Activity: Beginning with the line containing "从课堂创作到成果展示,孩子们" and going on through the line containing "Büyük Beden Siyah", the lines below are to be returned exactly, pictures excluded and nothing added.
- Opening Delimiter -
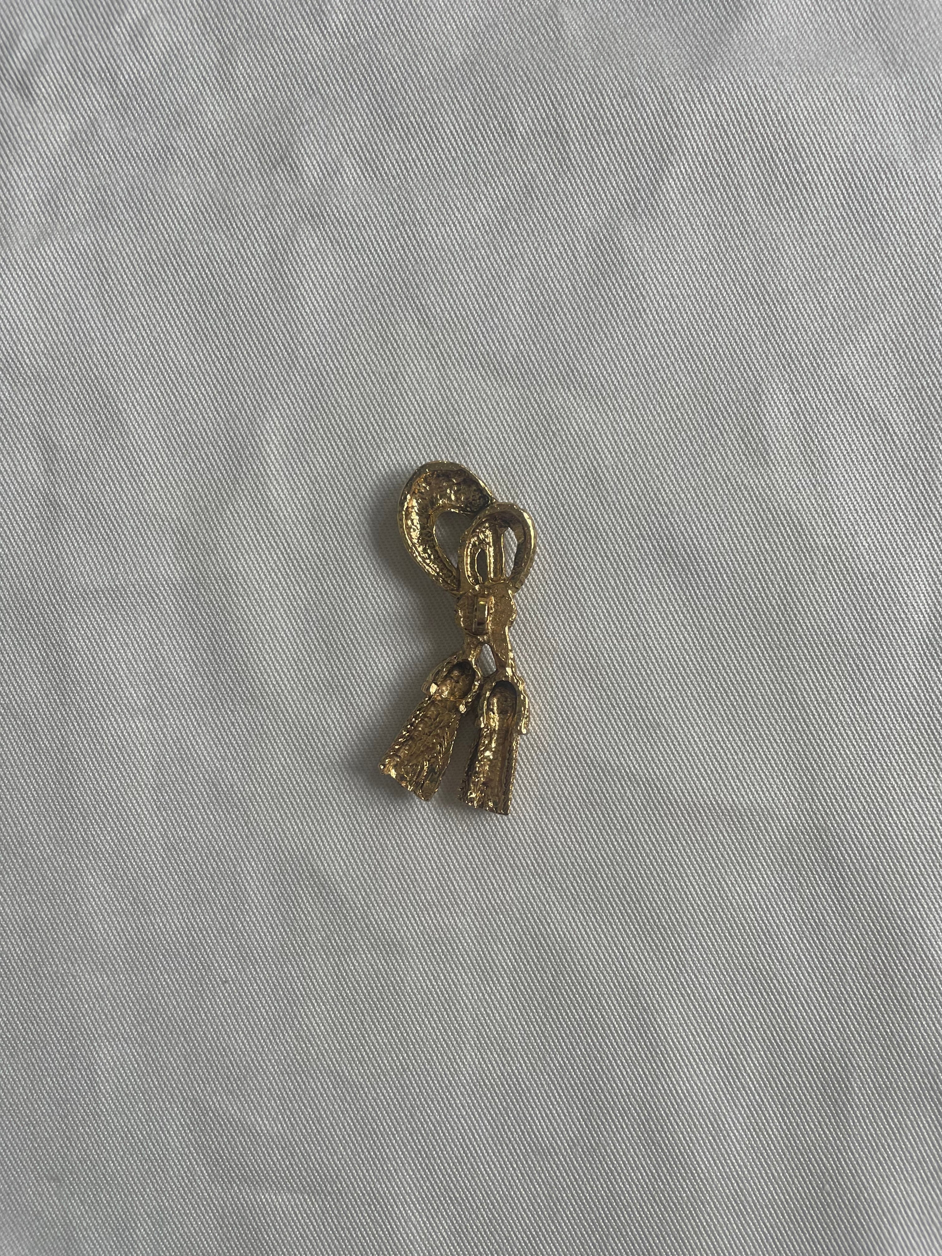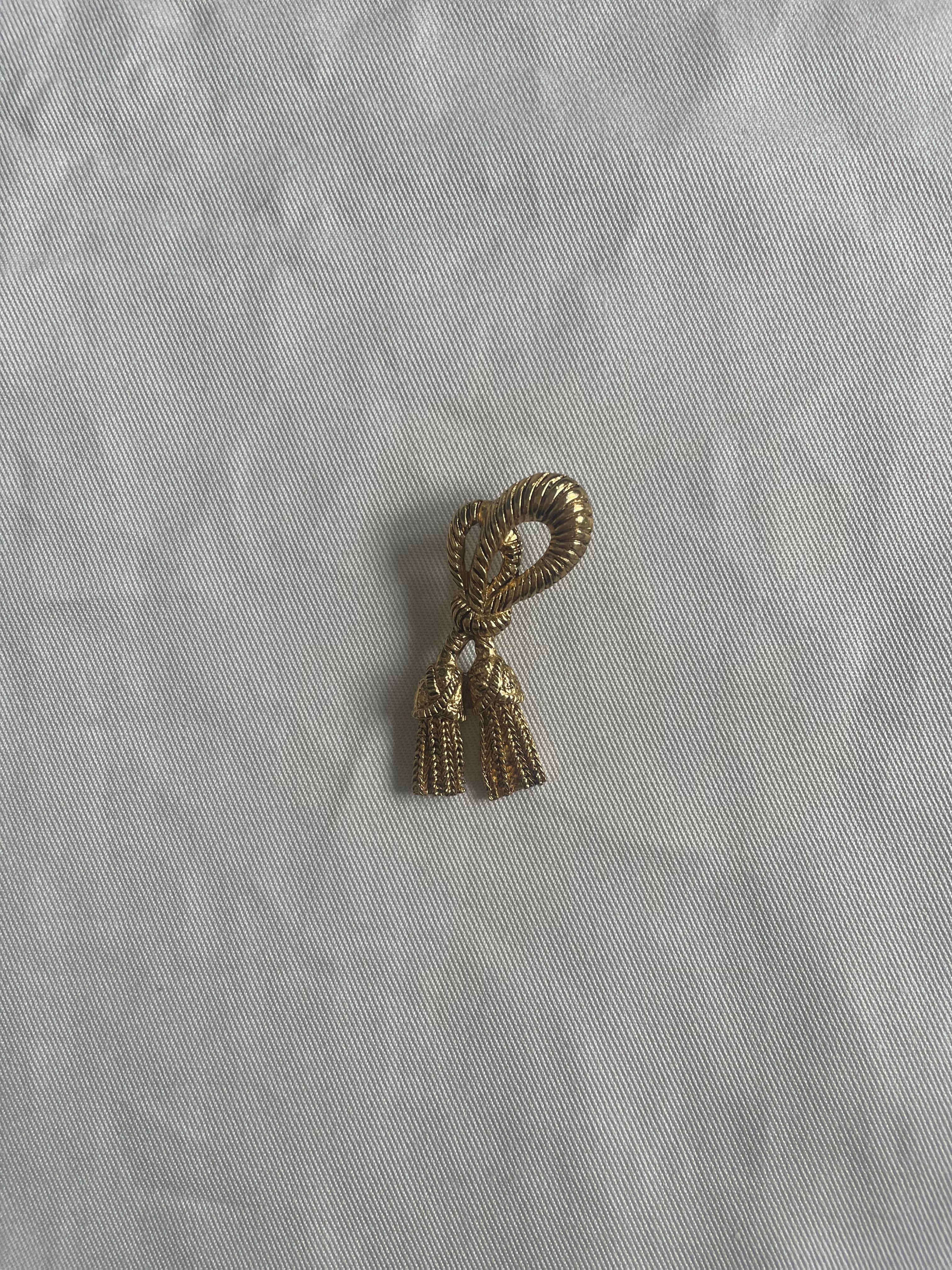 タッセルモチーフを立体的に表現したボタン。落ち着いたゴールドの輝きが特徴で装飾ボタンとして存在感のある42mmサイズの合金ボタンです。
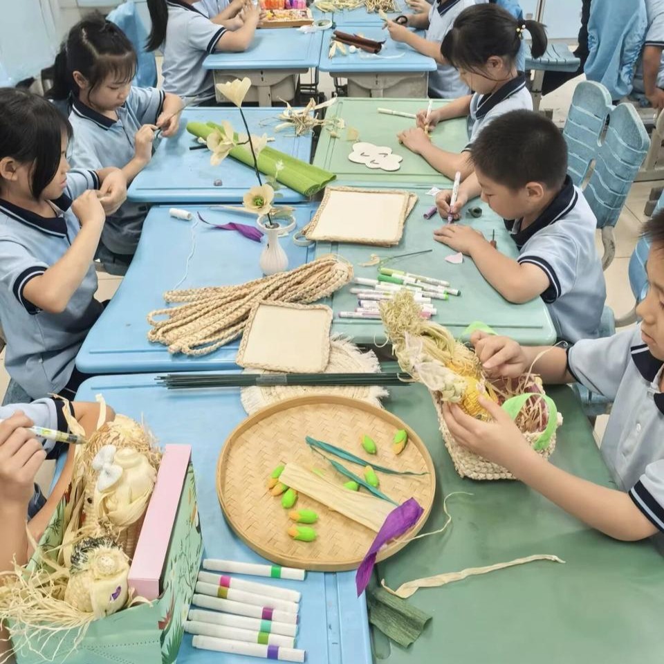 从课堂创作到成果展示,孩子们收获颇丰。在与苞叶亲密接触的过程中,他们的动手能力得到充分锻炼,学会从平凡材料中发现独特之美;在团队协作创作时,孩子们懂得了分享与互助的重要性;通过触摸这些乡土材料,他们与传统文化、田园生活的距离被大大拉近。
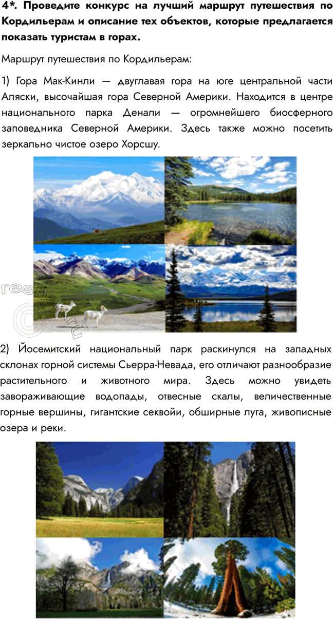 4*. Проведите конкурс на лучший маршрут путешествия по Кордильерам и описание тех объектов, которые предлагается показать туристам в горах.
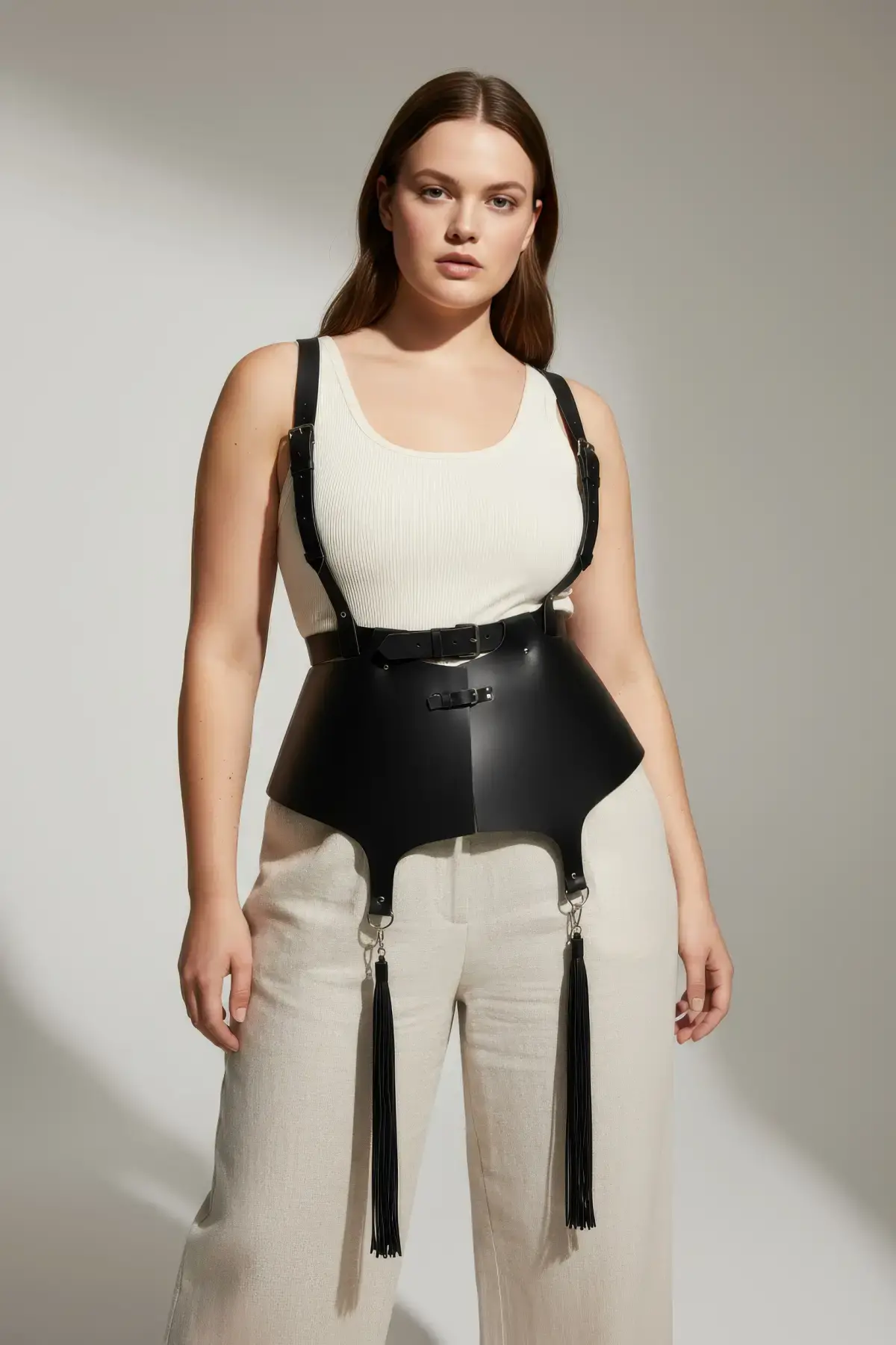 Büyük Beden Siyah Kadın Deri Korse Kemer, Omuz Askılı ve Püskül Detaylı - APFT787
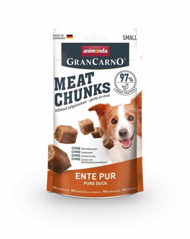 Die animonda Grancarno Meat Chunks Ente Pur sind besonders schmackhafte Trainings-Leckerlies für Hunde – ideal als Belohnung beim Hundetraining, in der Hundeschule oder für Übungen zwischendurch. Mit Single Protein Ente, getreidefrei und schonend luftgetrocknet für natürlichen Geschmack und hohe Motivation.
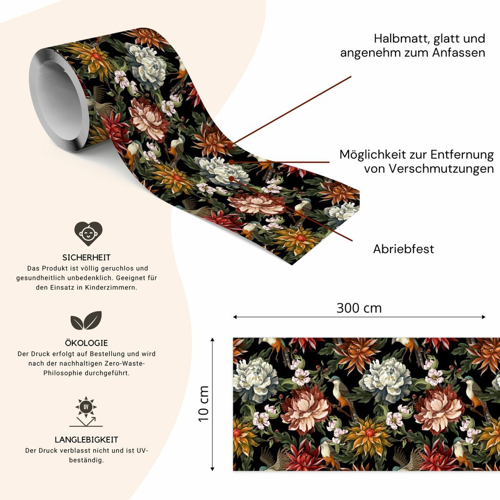 Blütenzauber für deine Wände! Diese selbstklebende Tapetenbordüre von Anna Wand mit prächtigen Pfingstrosen im Vintage-Design verwandelt jeden Raum. Länge: 450cm, Höhe: 11,5cm. Einfach anzubringen - auch auf Raufaser. Hergestellt in Deutschland aus lösemittelfreiem Tapetenvlies, ohne PVC und Weichmacher. Für Wohnzimmer, Schlafzimmer, Küche oder Flur. Einfach Trägerpapier abziehen und positionieren. Made in Germany mit viel Liebe zum Detail. Verschönere deine vier Wände im Handumdrehen - Wohlfühlatmosphäre garantiert!
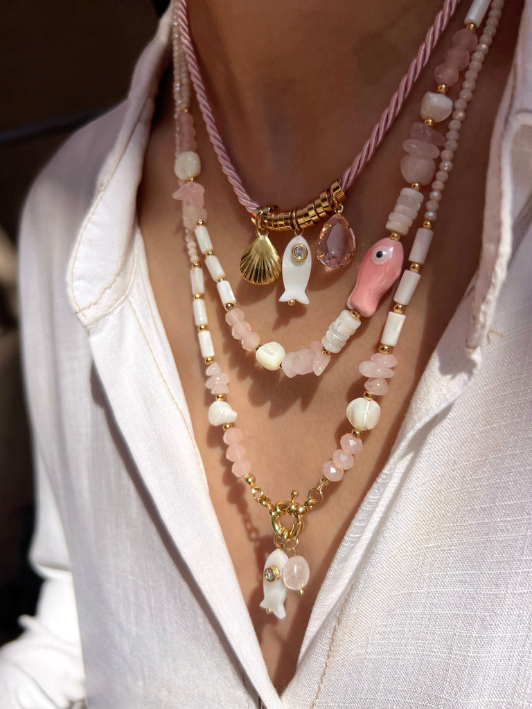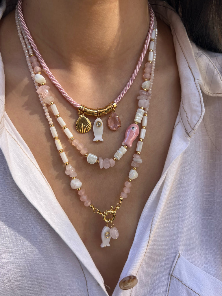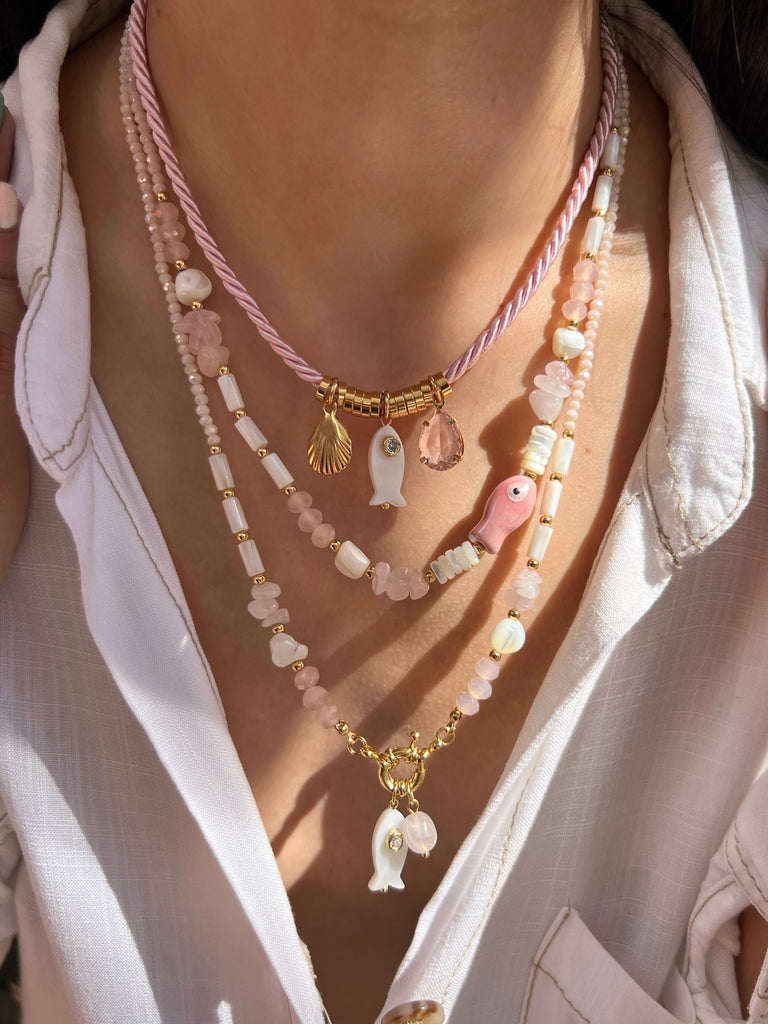 Aproveite o charme único deste mix de três colares com pingente de sardinha e pedras naturais na cor rosa.
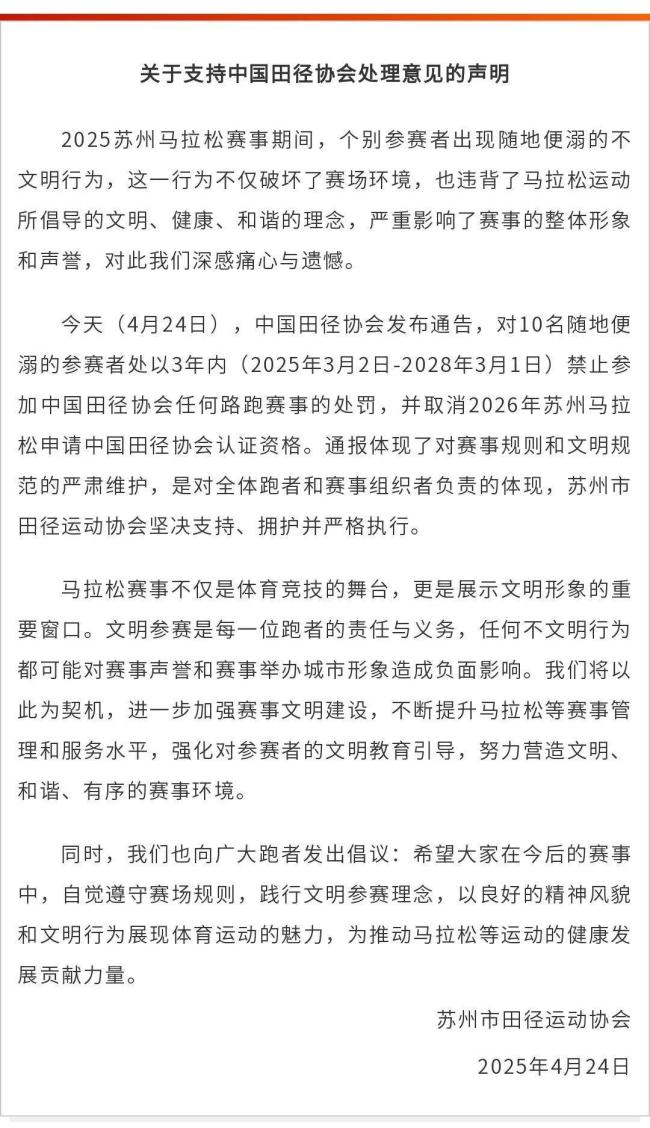 通报指出,2025苏州马拉松于3月2日在苏州市举办。比赛期间,个别参赛者出现不文明行为,暴露出参赛文明缺失,对中国马拉松形象造成严重负面影响。经中国田径协会研究,对陆某等10人处以3年内(2025年3月2日至2028年3月1日)禁止参加中国田径协会任何路跑赛事的处罚。同时,取消2026年苏州马拉松申请中国田径协会认证资格。
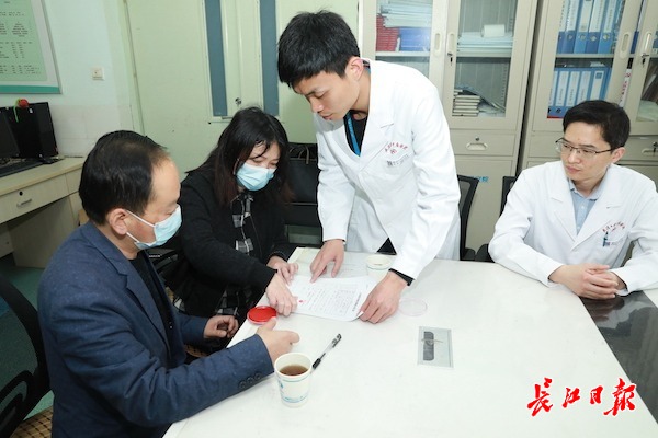 武汉大学中南医院器官捐献与获取组织(OPO)工作人员张亮一边安慰王强的双亲,一边向王强父母介绍了器官移植的信息。
- Closing Delimiter -
Problem solution:
 从课堂创作到成果展示,孩子们收获颇丰。在与苞叶亲密接触的过程中,他们的动手能力得到充分锻炼,学会从平凡材料中发现独特之美;在团队协作创作时,孩子们懂得了分享与互助的重要性;通过触摸这些乡土材料,他们与传统文化、田园生活的距离被大大拉近。
 4*. Проведите конкурс на лучший маршрут путешествия по Кордильерам и описание тех объектов, которые предлагается показать туристам в горах.
 Büyük Beden Siyah Kadın Deri Korse Kemer, Omuz Askılı ve Püskül Detaylı - APFT787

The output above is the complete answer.